Monday, October 28, 2013

Fun Is Good

John, Susan, Mary, and Michael
We were 28 deacons and priests, aged 55 and up. It was a brisk, exquisitely clear night amid the ponderosa pines of Prescott, Arizona. We’d already spent many hours in plenary meetings on big subjects such as vocation (the Church’s word for where and how we serve and work in Christ’s vineyard), personal health and finance, and spirituality.

According to our schedules, this was a “a night of creativity.” But nobody had asked Fr. James, chaplain of St. George’s Independent School in Memphis, or me to bring our guitars. Instead, as we stood in the lobby awaiting instructions, we could hear Wilson Pickett singing “In The Midnight Hour.”

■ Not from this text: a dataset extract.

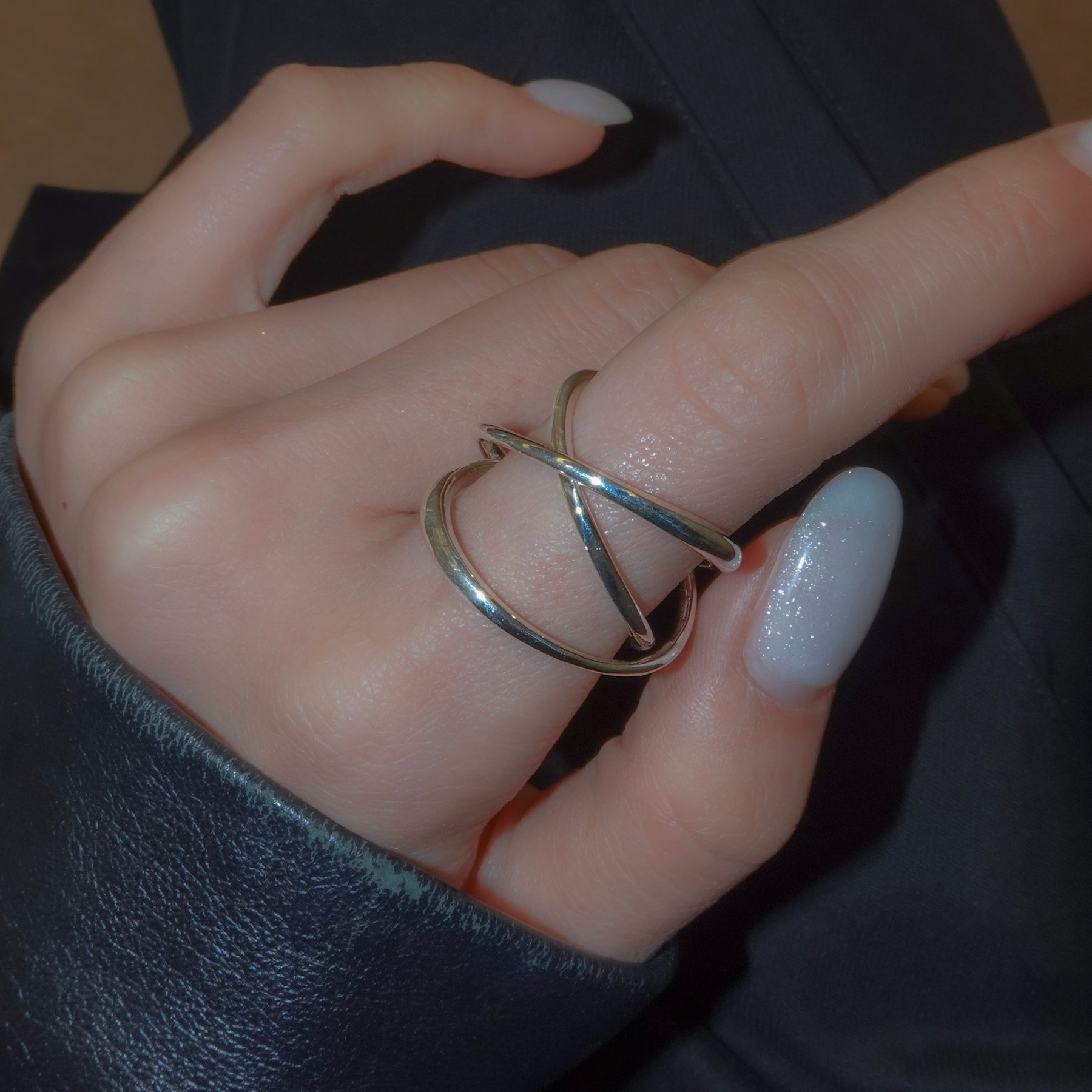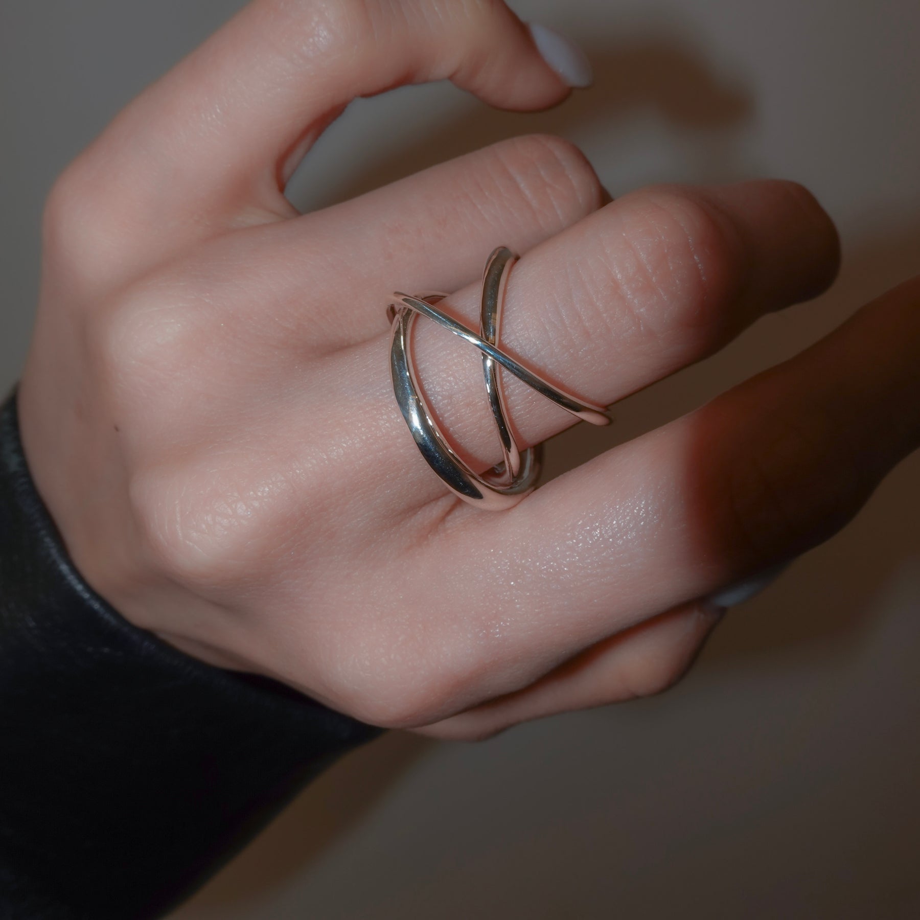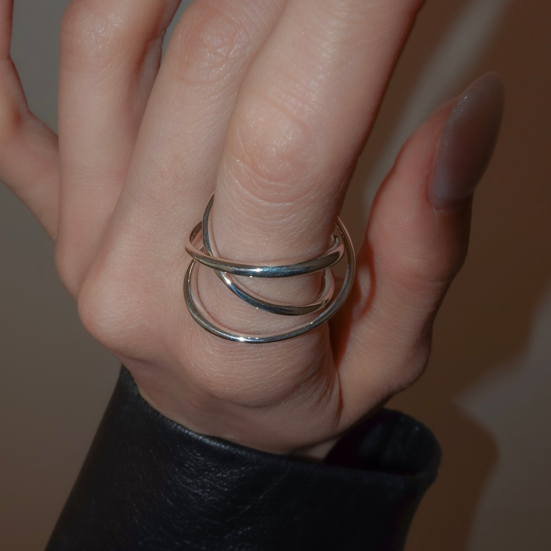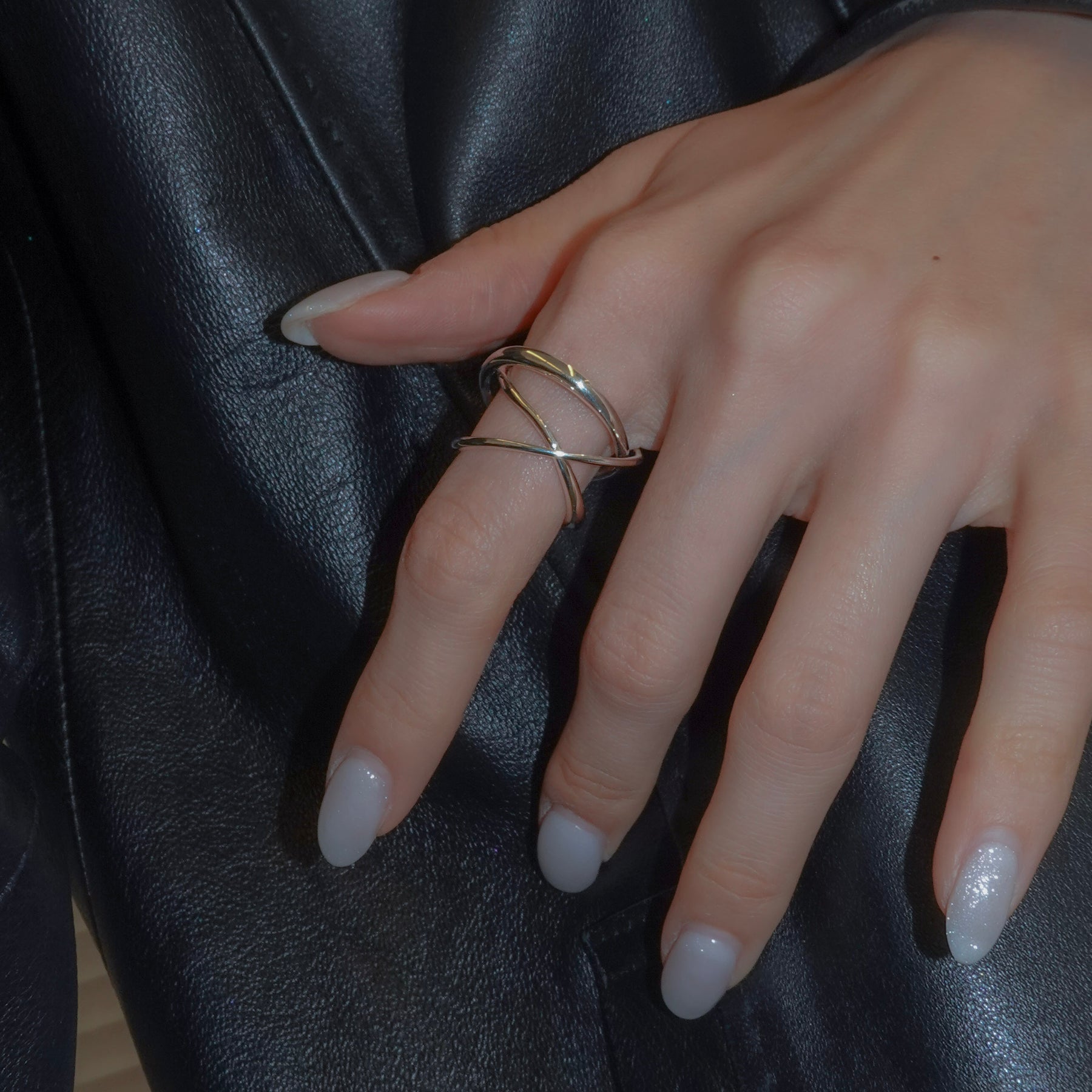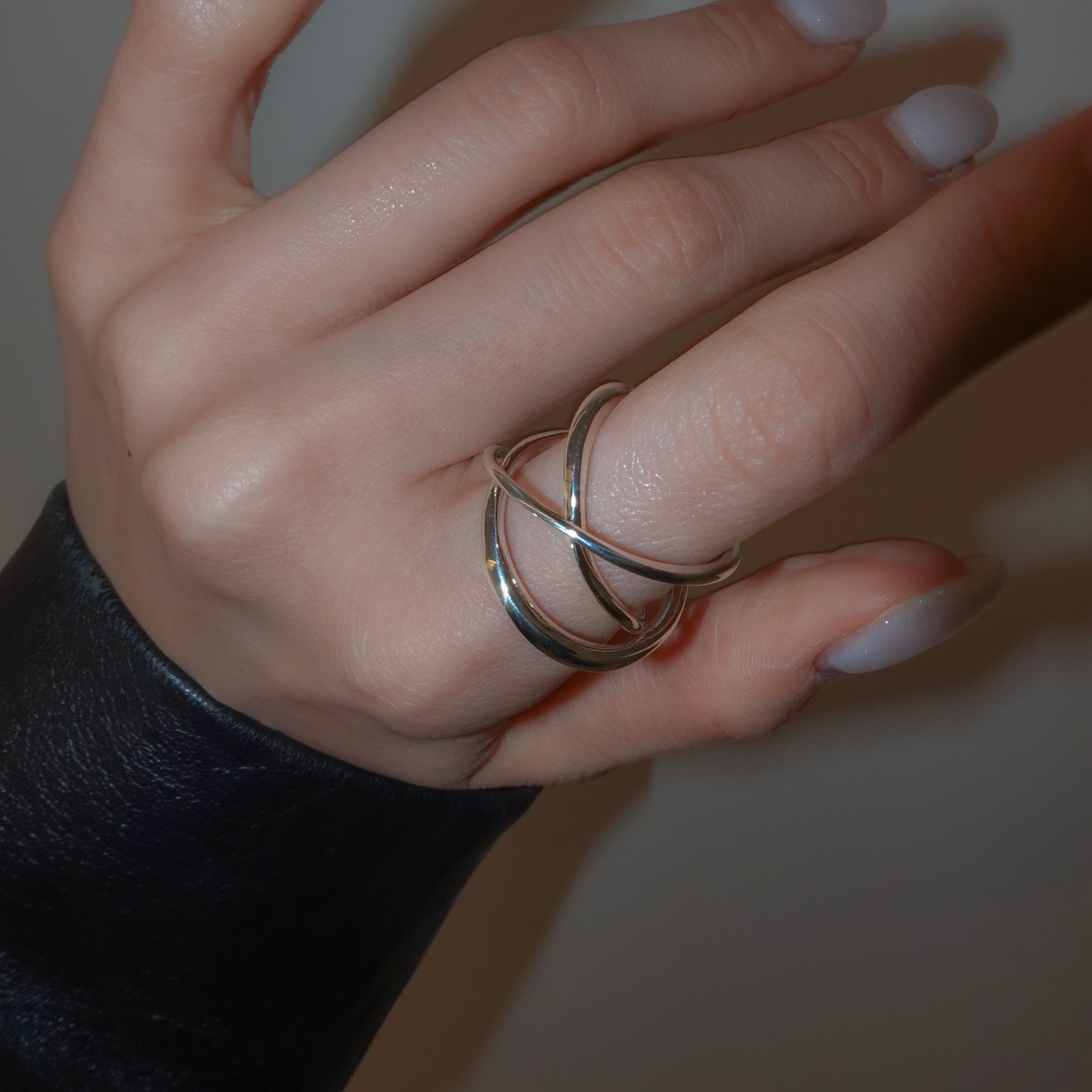 複数のラインが交差しながら軌道を描く、立体的なボリュームのリングです。

Through the glass doors, we could see that our CREDO team had replaced the U-shaped conference table with two dozen smaller ones covered in yellow and red butcher paper. There were stacks of magazines, baskets of colored feathers, and an abundance of Elmer’s Glue-All, two-sided tape, and colored pipe cleaners. I shot a glance at Eric, a vocational deacon from New Jersey who runs a social justice ministry for young adults in the Diocese of Newark. With a nod, he confirmed what I’d feared. “Arts and crafts project,” he said tersely.

To borrow the circumspect language we try to use on the diocesan Commission on Ministry, arts projects are not my gifting.

And yet within minutes I was cutting letters and images from magazines and gathering supplies while singing along with my sisters and brothers to Stax Volt, Motown, and the Doobie Brothers. The CREDO faculty didn’t tell us what to make. Our conference director, LA’s own the Rev. Hartshorn Murphy, said, “Let the materials choose you.” Entering the festive space, I had suddenly thought about afternoons and evenings in Yorba Linda when everyone’s over for dinner. One might say that the Holy Spirit, right on cue, had sung me a song of abundant joy. So I fashioned a household god for our big mixed family, including ten feathers in ten colors and earrings that say “life is good” and “best day ever.”

Local diety
Knowing exactly what I was supposed to do during our evening of creativity was the fruit of discernment. Discernment usually doesn’t mean choosing between right and wrong. It’s the tool we use when, as one of our faculty members said, “there are many right answers.” The purpose of our mid-October conference and retreat was to help us use the gift of non-anxious discernment in aspects of our lives and ministries that really matter, even ones that entail risk, hardship, and loss.

The Episcopal Church’s periodic CREDO conferences are organized by the Church Pension Group to help clergy get and stay healthy. St. John’s paid $500 for me to attend. CPG paid $5000, which shows how seriously the Church takes the well being of its pastors. Some of us received insights about how to plan for retirement, others about whether to open their ears to calls to new positions. CPG gave us practical advice about taxes and investments. We worshiped, prayed, meditated, went on dawn walks and did dawn yoga, and encountered God in many other ways, including small-group fellowship, where I made new friends in Mary (Utah), Michael (Monterey), and Susan (New Hampshire).

And yet all week I was thinking, “I wish Kathy could come; I wish everyone could come,” because most core CREDO teachings belong to all God’s people. One example was faculty member Priscilla Condon’s prophetic ministry about eating to honor the fleshy temples we have the privilege of occupying (also the theme of seminarian Robyn Henk’s early-2012 class at St. John’s). We left resolving to exercise more, drink more water, cut out the margarine and artificial sweeteners, and above all remember, as Priscilla taught us and Dr. Oz confirms, that Trader Joe’s coconut oil and raw honey are good for what ails you.

"Credo," incidentally, means “I believe.” We each left Prescott with a three-part CREDO plan and many CREDO resolves. One of mine is to continue to live into a teaching we were also offered in Latin by another faculty member, the Rev. Canon Matthew Stockard: Felicitas es bonam, which means “Fun is good.” Amen!